Я перерубил корни, наверное, у сотни кустов чертополоха, наколол немного лучины, растопил печку, нагрел воду для японской ванны и, убедившись, что Хью уснул, а щенок сбежал, вернулся на площадку любоваться оттенками реки, слушать, как с ревом перекатываются валуны под израненной, распухшей шкурой Никогда-Никогда. С особым интересом я наблюдал, как соседская утка несется на желтом гребне потока, а Сцинк содрогался подо мной, словно мачта корабля при ветре в тридцать узлов.
Где-то залаял щенок. То ли утка раздразнила его, то ли он решил, что и сам он – утка. Вероятней всего, так и было, думается мне теперь. Дождь не утихал ли на минуту, шорты и футболка прилипли к телу, и я, наконец, сообразил, что без них мне будет гораздо уютнее. Вот я сижу на корточках, не обращая никакого внимания на лай (обычно я бываю бдительнее), голый, словно хиппи, над вздувшимся потоком, я, Мясник, сын мясника, в трехстах милях от Сиднея, бессмысленно и для самого себя неожиданно радуясь дождю, и если со стороны я смахиваю на здоровенного волосатого вомбата – пускай. Нет, счастлив я не был, но хотя бы на мгновение освободился от постоянной тревоги, от неутолимой тоски по сыну, от злобной досады, что приходится малевать этим ебаным «Дьюлаксом». Шестьдесят секунд я был очень близок, довольно-таки, к миру и покою, но тут разом произошло два события, и с тех пор я не раз думал, что первое могло бы послужить предзнаменованием, кабы я вовремя призадумался. Событие заняло всего один миг: щенок пронесся мимо меня, увлекаемый желтым прибоем.

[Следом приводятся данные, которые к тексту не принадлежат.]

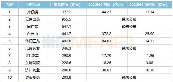 截至8月25日午間收盤(pán),A股中藥企業(yè)TOP10市值的門(mén)檻在200億元以上,但能堅(jiān)守千億市值的僅剩下片仔癀一家,老對(duì)手云南白藥跌至955.5億元,兩家的差距越來(lái)越大。目前TOP10企業(yè)已有6家公布了今年上半年業(yè)績(jī),片仔癀、白云山、華潤(rùn)三九、東阿阿膠、濟(jì)川藥業(yè)均實(shí)現(xiàn)了營(yíng)收和凈利潤(rùn)雙豐收。
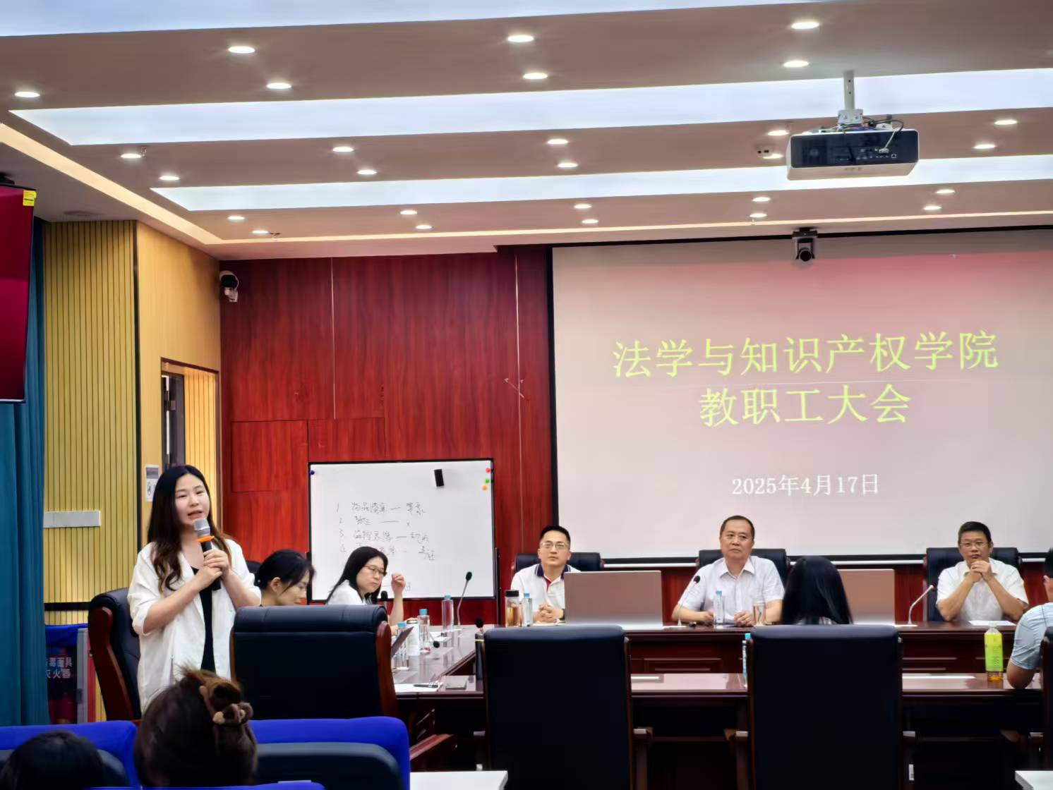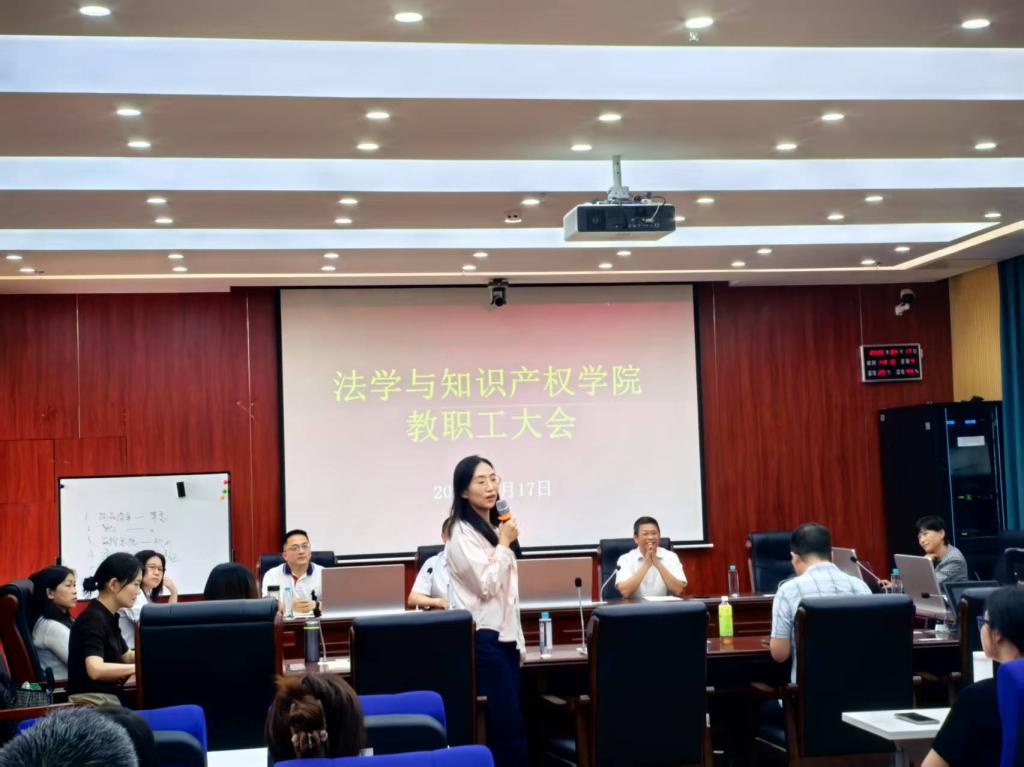 院长黄俊辉重点布置了专业硕士点推进、学科优化调整和师资队伍建设方面等工作,并宣布对系部进行优化调整、筹建国际法系和优化各教研室人员名单。他强调,广大教师要加强师德师风教育,努力提升师德修养,树立良好的师德师风形象,坚定为党育人、为国育才初心使命。鼓励老师们认真上好课,积极参与、大力支持学院的学科建设、专业申报、学系筹建和社会服务等工作。
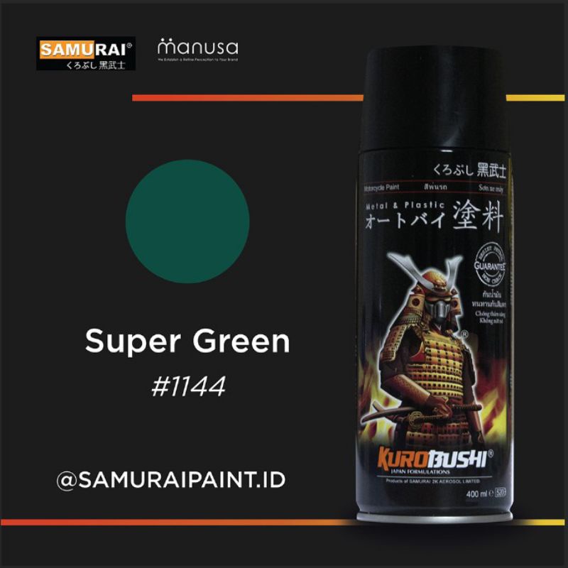 SAMURAI PAINT #1144 SUPER GREEN CAT SEMPROT SPRAY WARNA hijau tua metalik tahan bensin bukan merk PYLOX DITON SAPPORO ULTIMATE RJ PILOX PILOK shogun z

Потом, в Нью-Йорке, человек на моих глазах бросился под бродвейский автобус. Вот он был – и вот его нет. Я глазам своим не поверил. Что касается пса, мне трудно объяснить свои чувства. Не жалость – это было бы слишком просто. Прежде всего – невозможность поверить. И облегчение: не придется заботиться о собаке. И злость: придется утешать несоразмерную скорбь Хью.
Сам не зная зачем, я поднял с пола промокшую одежду и, наклонившись, увидел – случайно, – что творится перед студией, у моих ворот. Примерно в двадцати ярдах от решетки для скота моим глазам явилась вторая неожиданность: черная машина с включенными фарами, по самые оси увязшая в грязи.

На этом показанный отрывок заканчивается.